И стараясь побороть пороки – то, что сам Толстой считал пороками – он писал: «“Довольствоваться настоящим!” Это правило, прочитанное мною нынче, чрезвычайно поразило меня. Я живо припомнил все случаи в моей жизни, в которой я не следовал ему, и очень удивительно показалось, что я не следовал ему. Например, в ближайшем ко мне по времени случае в моей службе я хотел быть юнкером-графом, богачом, с связями, замечательным человеком, тогда как самое полезное и удобное для меня было бы быть юнкером-солдатом. Как много интересного я тогда мог бы узнать в это время и как много неприятного избежал. Но тогда положение мое было ближе ко мне; поэтому-то я не так ясно видел его.
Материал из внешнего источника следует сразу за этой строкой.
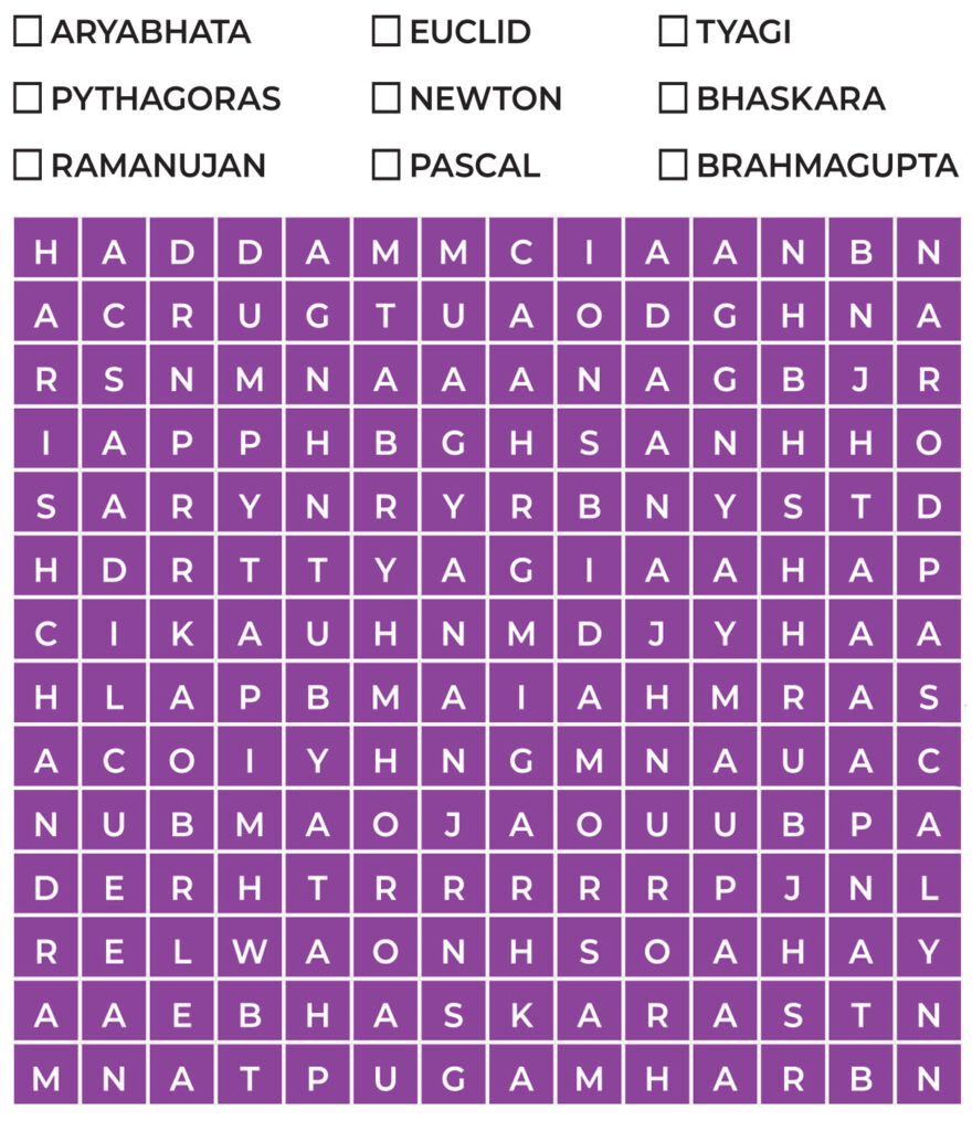 Find the names of the given mathematicians in the grid.

Затронутые страсти (гордость, тщеславие, лень) давали другой вид положению и подсказывали уму другие размышления. Верь рассудку только тогда, когда убедишься, что никакая страсть не говорит в тебе. В бесстрастном состоянии рассудок руководит человеком, но, когда страсти обладают им, они руководят и его разумом, придавая только больше пагубной смелости в дурных поступках».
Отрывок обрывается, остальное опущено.